Si para Descartes la duda fue el camino para sostener el hecho de estar pensando, del cual deriva su famosa frase: “Pienso, luego existo”, cabe la posibilidad de postular a la duda como partera de la crítica y, por lo tanto, ante las preguntas reiteradas a las autoridades educativas, que no se han respondido, es imprescindible ejercer la facultad de insistir.
Corresponde a la Secretaría de Educación Pública (SEP) informar a la sociedad, con claridad y de manera suficiente, cuáles fueron las consecuencias que produjo el cierre de las escuelas (como medida auxiliar en la estrategia para enfrentar la pandemia) y el quiebre de la modalidad presencial como condición de la continuidad del vínculo pedagógico, que se procuró resolver, o al menos paliar, con modalidades virtuales de distinto tipo cuando las condiciones lo hicieron posible y, si no lo eran, con la creatividad innegable de las maestras y maestros.
No se trata, a mi entender, de un asunto menor ni optativo: necesitamos saber —es un derecho ciudadano y obligación de la SEP— el impacto que en la permanencia en el circuito escolar, y los aprendizajes, tuvo el hecho inevitable e inesperado de la pandemia.
Entre los dos ciclos lectivos que no pudieron ser presenciales, datos del INEGI permiten inferir que 1 millón 800 mil estudiantes de todos los niveles, que estaban inscritos en el primero, ya no estaban presentes o localizables en el segundo. Cada año, sin contingencia sanitaria, el sistema educativo nacional pierde alrededor de 1 millón de personas, cuestión que debería ser alarmante pues la capacidad de retención del conjunto de instituciones escolares permite fugas tan grandes. Solo en el nivel medio superior, y en condiciones normales, 600 mil lugares ocupados al inicio del año escolar se encuentran vacíos cuando termina.
De esto se colige que hay un fenómeno de “sobre abandono” casi del doble, atribuible al impacto del cierre de los planteles en no poca medida, al que hay que añadir otras razones (económicas o de incremento en la cantidad de tiempo que requirieron las actividades de cuidados en las familias, entre otras). ¿Cuál es, con precisión, el nivel de exclusión del sistema educativo, y cómo fue variable entre regiones, niveles y tipos de escuela y condicione socioeconómicas de contexto?
En otra dimensión relevante, es preciso conocer de manera confiable el aprendizaje logrado en este par de años, en cuanto a si en realidad corresponde, por ejemplo, a lo esperado de haber cursado segundo y tercero de primaria de forma presencial. La distancia entre lo que se estipula como lo adecuado para iniciar el cuarto año, con respecto a lo conseguido a través del programa Aprende en Casa, haría posible apreciar lo que no se consiguió, e incluso si hubo lo que se ha dado en llamar “desaprendizaje”, esto es, merma en lo que ya se había alcanzado previamente.

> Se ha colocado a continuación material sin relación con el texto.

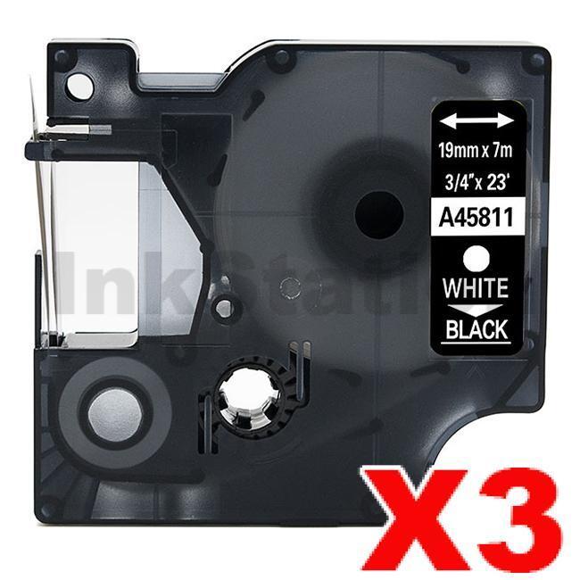 3 x Dymo SD45811 / S0720910 Compatible 19mm White Text on Black Label Cassette – 7 meters

¿Es esto solo un afán intelectual, interesante para los especialistas? No. Es un conocimiento que requiere la sociedad para estar atenta a lo que se proponga y, sin duda, un insumo indispensable para que la autoridad educativa federal, las estatales e incluso los y las directoras, supervisoras y otros coordinadores del proceso escolar, diseñen, con bases suficientes, programas emergentes para reducir las pérdidas y concentrarse en aspectos como la lectura, la escritura, la ubicación en el mundo social y la historia, y el lugar que tenemos en la naturaleza, porque somos parte de ella. Si esto implica uno o dos ciclos, lo que importa es atenderlo.
El diagnóstico bien hecho de lo sucedido, con toda su diversidad, es un derecho de la sociedad en su conjunto, y parte de la rendición de cuentas propia de una autoridad que se propone ser transparente.

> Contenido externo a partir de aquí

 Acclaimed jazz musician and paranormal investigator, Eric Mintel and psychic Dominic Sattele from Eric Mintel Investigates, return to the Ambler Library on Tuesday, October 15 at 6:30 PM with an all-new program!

Es necesario un plan o programa de recuperación de aprendizajes —más bien varios, en coherencia con la diferenciación y desigualdad que caracteriza al país y al servicio educativo—, que incluya también la localización de quienes dejaron las aulas para propiciar su retorno, basado en el diálogo entre el magisterio, las familias y las autoridades.
A mi entender, este proceso precede en prioridad al establecimiento de un nuevo modelo curricular, so pena de encubrir, con este último, en un proceso de fuga hacia adelante, los daños del cierre de las escuelas. O bien, iniciar las modificaciones sin saber cuál es el punto de partida.
Por lo anterior, porque así lo pienso, a pesar del eventual disgusto que pueda ocasionar en ciertos sectores de la SEP, es que insisto.